Stored dataset items

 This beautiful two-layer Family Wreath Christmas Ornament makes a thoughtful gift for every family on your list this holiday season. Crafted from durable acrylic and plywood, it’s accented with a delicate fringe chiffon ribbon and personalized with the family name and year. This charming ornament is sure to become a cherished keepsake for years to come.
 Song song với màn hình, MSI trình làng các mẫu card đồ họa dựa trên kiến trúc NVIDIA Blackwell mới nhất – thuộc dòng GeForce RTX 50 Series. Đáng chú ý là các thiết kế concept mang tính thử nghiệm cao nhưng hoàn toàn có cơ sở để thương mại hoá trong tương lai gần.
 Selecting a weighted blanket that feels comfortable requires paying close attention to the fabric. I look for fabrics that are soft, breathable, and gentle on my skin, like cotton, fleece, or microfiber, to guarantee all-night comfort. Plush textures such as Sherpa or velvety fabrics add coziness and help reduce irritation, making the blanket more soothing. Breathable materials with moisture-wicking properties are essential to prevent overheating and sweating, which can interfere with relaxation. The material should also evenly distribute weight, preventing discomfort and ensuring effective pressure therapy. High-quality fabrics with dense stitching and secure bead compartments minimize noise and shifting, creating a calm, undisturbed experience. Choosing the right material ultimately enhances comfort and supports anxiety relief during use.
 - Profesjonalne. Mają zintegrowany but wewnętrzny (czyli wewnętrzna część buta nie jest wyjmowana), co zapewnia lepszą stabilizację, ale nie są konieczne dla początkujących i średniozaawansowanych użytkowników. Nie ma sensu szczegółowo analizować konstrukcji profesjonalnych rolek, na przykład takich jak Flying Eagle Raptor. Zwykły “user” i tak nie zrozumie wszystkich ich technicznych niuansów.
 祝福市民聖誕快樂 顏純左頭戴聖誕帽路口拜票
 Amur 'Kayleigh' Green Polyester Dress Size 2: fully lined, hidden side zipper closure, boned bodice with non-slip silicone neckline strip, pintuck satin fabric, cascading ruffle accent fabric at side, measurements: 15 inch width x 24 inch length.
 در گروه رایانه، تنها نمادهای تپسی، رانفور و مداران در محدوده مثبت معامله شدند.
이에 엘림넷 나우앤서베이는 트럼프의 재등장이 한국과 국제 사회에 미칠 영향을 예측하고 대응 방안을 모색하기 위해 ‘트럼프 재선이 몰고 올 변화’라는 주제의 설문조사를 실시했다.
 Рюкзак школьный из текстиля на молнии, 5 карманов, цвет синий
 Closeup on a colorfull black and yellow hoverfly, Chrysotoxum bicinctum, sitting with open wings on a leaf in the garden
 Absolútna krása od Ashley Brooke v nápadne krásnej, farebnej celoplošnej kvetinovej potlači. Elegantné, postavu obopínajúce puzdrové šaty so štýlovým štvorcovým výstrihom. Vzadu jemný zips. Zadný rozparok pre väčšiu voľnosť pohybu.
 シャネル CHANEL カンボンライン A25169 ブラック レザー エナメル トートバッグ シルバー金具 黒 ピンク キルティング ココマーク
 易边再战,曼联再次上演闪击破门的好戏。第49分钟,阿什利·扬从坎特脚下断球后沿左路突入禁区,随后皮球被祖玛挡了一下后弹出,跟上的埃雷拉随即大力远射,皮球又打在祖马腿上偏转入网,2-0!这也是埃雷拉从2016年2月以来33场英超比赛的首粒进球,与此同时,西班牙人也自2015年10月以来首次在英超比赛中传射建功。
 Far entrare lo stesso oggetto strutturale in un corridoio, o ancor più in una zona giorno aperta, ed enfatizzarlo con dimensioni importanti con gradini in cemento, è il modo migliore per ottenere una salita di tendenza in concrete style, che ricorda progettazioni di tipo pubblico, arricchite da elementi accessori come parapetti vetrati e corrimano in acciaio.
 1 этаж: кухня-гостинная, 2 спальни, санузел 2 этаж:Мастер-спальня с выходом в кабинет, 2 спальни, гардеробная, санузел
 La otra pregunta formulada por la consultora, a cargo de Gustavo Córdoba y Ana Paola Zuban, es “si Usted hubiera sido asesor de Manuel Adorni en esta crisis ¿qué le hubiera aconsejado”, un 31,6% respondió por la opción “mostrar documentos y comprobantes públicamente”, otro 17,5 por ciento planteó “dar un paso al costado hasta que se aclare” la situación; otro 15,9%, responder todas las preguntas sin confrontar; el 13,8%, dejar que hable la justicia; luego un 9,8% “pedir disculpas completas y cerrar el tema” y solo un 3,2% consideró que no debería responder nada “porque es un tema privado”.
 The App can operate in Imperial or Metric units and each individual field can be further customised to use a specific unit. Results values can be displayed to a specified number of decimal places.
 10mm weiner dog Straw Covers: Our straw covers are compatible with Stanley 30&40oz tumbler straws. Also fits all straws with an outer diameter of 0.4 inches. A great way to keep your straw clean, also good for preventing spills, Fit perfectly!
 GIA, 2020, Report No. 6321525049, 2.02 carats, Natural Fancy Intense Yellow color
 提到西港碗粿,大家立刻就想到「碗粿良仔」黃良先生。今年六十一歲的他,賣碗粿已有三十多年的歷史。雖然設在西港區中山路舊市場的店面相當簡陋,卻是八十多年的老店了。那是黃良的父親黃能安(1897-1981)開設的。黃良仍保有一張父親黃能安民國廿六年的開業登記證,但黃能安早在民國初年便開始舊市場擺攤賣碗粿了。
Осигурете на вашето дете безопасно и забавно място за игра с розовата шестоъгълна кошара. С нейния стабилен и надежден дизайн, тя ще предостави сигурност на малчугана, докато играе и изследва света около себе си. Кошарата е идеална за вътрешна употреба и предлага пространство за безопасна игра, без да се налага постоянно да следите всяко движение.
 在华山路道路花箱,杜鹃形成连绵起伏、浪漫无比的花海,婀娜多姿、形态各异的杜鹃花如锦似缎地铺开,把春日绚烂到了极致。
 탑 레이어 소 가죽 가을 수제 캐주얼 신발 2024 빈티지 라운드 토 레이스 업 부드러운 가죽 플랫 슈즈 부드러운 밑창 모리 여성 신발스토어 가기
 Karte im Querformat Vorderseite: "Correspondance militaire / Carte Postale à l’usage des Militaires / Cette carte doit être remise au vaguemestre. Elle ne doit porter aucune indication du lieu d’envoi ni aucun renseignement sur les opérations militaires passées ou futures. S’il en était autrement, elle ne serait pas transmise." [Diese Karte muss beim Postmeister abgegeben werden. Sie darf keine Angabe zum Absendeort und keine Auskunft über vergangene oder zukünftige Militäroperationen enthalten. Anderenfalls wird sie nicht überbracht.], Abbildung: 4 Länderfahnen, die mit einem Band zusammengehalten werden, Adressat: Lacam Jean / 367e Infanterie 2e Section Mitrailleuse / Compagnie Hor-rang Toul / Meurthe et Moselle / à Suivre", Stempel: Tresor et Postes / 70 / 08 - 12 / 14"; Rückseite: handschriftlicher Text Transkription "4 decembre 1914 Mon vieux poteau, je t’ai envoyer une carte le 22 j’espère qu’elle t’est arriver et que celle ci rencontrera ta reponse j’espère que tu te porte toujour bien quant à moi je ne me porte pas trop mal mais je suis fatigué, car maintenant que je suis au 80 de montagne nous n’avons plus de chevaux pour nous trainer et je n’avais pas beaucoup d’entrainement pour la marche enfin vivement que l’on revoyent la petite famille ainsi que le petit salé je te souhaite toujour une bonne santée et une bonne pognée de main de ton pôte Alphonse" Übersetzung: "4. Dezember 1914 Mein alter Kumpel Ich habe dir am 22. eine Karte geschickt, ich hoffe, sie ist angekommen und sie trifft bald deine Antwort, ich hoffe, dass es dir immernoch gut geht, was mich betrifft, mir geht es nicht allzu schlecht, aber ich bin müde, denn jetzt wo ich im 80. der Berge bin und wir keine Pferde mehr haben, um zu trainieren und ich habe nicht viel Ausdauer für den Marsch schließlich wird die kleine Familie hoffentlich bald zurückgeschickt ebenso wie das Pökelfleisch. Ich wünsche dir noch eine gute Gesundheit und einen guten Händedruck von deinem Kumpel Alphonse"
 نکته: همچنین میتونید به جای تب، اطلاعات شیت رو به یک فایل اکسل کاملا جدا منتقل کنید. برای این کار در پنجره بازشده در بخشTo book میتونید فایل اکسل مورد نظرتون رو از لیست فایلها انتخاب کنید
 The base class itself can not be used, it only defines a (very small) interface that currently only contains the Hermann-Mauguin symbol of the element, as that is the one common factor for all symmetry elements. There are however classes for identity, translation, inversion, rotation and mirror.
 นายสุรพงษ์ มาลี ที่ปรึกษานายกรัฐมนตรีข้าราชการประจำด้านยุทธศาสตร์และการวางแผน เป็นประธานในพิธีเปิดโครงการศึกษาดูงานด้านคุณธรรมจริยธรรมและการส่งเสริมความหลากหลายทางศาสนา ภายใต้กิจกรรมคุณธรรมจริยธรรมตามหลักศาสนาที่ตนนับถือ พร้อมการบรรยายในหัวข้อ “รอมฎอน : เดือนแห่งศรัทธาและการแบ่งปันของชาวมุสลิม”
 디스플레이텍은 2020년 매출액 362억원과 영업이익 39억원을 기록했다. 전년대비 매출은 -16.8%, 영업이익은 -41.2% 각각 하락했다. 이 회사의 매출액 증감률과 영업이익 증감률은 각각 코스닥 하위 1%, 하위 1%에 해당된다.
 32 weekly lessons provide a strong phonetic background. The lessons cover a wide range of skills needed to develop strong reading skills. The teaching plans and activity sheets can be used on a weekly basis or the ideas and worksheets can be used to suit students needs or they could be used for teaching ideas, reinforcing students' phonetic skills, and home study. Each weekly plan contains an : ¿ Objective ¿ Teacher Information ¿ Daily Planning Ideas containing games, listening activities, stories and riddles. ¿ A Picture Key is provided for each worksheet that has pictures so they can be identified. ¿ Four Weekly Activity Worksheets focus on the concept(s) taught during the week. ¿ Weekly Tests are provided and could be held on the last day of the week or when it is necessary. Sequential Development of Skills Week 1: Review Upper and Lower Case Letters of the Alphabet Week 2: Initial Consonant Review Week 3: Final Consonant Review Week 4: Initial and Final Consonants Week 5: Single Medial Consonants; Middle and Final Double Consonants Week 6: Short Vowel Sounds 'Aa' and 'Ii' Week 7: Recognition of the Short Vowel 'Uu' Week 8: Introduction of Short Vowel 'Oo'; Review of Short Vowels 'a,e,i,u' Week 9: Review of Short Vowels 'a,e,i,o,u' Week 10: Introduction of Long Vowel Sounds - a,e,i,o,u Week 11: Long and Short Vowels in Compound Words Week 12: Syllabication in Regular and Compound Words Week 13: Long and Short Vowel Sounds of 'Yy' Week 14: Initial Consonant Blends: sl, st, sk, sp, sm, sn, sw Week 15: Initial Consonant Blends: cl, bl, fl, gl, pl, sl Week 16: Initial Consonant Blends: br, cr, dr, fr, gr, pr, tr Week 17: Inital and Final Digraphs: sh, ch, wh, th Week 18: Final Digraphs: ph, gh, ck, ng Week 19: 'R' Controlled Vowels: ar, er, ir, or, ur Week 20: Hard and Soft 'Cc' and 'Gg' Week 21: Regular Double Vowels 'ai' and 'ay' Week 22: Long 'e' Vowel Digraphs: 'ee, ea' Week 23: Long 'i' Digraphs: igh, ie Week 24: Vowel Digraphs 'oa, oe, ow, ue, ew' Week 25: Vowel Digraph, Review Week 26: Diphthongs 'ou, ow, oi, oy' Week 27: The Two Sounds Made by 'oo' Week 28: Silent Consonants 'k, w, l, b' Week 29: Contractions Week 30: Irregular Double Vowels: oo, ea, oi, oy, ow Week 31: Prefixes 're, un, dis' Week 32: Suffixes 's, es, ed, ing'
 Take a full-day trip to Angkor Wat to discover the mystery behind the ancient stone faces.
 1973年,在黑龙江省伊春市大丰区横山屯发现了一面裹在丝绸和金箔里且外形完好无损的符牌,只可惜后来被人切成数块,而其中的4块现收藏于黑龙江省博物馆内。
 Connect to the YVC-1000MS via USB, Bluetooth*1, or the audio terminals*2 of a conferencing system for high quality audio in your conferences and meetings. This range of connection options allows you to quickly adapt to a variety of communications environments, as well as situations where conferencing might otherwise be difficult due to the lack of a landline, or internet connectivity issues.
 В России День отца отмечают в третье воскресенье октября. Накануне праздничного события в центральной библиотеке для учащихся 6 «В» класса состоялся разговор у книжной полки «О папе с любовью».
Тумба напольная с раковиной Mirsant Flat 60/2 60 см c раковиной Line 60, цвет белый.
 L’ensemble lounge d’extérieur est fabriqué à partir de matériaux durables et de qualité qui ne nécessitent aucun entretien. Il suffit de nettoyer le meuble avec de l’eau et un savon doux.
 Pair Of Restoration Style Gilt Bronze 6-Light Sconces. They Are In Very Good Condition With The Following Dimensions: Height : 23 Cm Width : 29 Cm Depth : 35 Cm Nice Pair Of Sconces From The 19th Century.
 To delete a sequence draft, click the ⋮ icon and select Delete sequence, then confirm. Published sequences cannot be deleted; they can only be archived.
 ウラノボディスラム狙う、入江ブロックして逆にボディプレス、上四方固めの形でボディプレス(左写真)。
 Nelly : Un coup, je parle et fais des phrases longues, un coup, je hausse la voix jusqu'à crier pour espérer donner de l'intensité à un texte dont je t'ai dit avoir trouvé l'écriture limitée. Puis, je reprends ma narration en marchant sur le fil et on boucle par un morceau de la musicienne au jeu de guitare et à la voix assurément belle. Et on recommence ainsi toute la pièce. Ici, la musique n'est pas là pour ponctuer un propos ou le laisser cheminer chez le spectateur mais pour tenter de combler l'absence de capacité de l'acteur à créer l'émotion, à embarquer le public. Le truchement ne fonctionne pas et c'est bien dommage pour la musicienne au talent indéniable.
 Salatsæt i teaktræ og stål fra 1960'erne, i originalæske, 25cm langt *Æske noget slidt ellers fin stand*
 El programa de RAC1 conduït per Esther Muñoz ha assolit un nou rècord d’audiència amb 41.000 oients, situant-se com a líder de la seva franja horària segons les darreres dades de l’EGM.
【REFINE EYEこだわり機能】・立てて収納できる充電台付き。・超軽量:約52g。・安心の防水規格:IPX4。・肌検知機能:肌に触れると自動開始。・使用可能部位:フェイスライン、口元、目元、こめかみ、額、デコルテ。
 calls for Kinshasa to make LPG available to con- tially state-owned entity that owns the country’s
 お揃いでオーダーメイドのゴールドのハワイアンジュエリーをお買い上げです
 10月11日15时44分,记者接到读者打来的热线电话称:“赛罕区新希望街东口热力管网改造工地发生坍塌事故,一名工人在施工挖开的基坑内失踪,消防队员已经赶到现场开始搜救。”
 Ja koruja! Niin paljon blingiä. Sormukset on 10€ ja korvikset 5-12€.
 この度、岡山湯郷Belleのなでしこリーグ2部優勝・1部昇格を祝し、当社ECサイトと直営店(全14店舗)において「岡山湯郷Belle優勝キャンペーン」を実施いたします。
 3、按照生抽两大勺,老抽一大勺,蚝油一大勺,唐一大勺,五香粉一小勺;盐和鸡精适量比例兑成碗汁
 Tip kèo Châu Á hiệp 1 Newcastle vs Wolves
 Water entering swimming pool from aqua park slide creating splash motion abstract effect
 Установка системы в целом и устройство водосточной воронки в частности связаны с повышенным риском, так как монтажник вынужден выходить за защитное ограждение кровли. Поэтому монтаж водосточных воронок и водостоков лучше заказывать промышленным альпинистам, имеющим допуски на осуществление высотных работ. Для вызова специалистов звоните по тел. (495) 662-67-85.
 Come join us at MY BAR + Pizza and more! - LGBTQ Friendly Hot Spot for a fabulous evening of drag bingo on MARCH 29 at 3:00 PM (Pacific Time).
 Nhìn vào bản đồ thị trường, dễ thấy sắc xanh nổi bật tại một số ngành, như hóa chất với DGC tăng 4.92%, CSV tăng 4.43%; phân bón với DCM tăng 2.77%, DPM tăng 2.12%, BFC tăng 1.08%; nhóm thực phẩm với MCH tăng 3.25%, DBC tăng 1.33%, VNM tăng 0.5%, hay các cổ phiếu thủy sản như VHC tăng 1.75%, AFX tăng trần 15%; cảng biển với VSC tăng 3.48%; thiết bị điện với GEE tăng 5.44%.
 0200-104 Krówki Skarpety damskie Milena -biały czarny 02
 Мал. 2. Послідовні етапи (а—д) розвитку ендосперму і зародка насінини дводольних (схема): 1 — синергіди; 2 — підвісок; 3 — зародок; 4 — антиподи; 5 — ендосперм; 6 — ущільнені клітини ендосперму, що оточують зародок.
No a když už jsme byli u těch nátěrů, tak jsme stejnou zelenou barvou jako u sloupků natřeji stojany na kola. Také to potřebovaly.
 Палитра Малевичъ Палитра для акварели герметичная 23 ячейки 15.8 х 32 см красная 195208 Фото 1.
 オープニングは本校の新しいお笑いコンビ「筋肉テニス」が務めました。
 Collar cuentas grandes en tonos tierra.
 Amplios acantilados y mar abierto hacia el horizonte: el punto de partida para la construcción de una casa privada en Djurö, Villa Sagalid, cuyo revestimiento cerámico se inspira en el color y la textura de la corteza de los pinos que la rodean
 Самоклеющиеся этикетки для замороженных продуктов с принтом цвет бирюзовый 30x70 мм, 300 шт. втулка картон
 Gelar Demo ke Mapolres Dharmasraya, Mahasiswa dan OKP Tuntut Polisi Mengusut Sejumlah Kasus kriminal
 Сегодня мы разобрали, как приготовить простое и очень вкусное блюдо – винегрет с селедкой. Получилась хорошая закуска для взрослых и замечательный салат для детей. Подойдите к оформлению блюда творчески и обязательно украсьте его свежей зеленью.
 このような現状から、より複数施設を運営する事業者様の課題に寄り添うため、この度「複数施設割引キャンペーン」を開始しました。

■ **Exercise prompt**
Every line above with the string "creating" in it needs to be copied.

■ **Response to this task**
 Selecting a weighted blanket that feels comfortable requires paying close attention to the fabric. I look for fabrics that are soft, breathable, and gentle on my skin, like cotton, fleece, or microfiber, to guarantee all-night comfort. Plush textures such as Sherpa or velvety fabrics add coziness and help reduce irritation, making the blanket more soothing. Breathable materials with moisture-wicking properties are essential to prevent overheating and sweating, which can interfere with relaxation. The material should also evenly distribute weight, preventing discomfort and ensuring effective pressure therapy. High-quality fabrics with dense stitching and secure bead compartments minimize noise and shifting, creating a calm, undisturbed experience. Choosing the right material ultimately enhances comfort and supports anxiety relief during use.
 Water entering swimming pool from aqua park slide creating splash motion abstract effect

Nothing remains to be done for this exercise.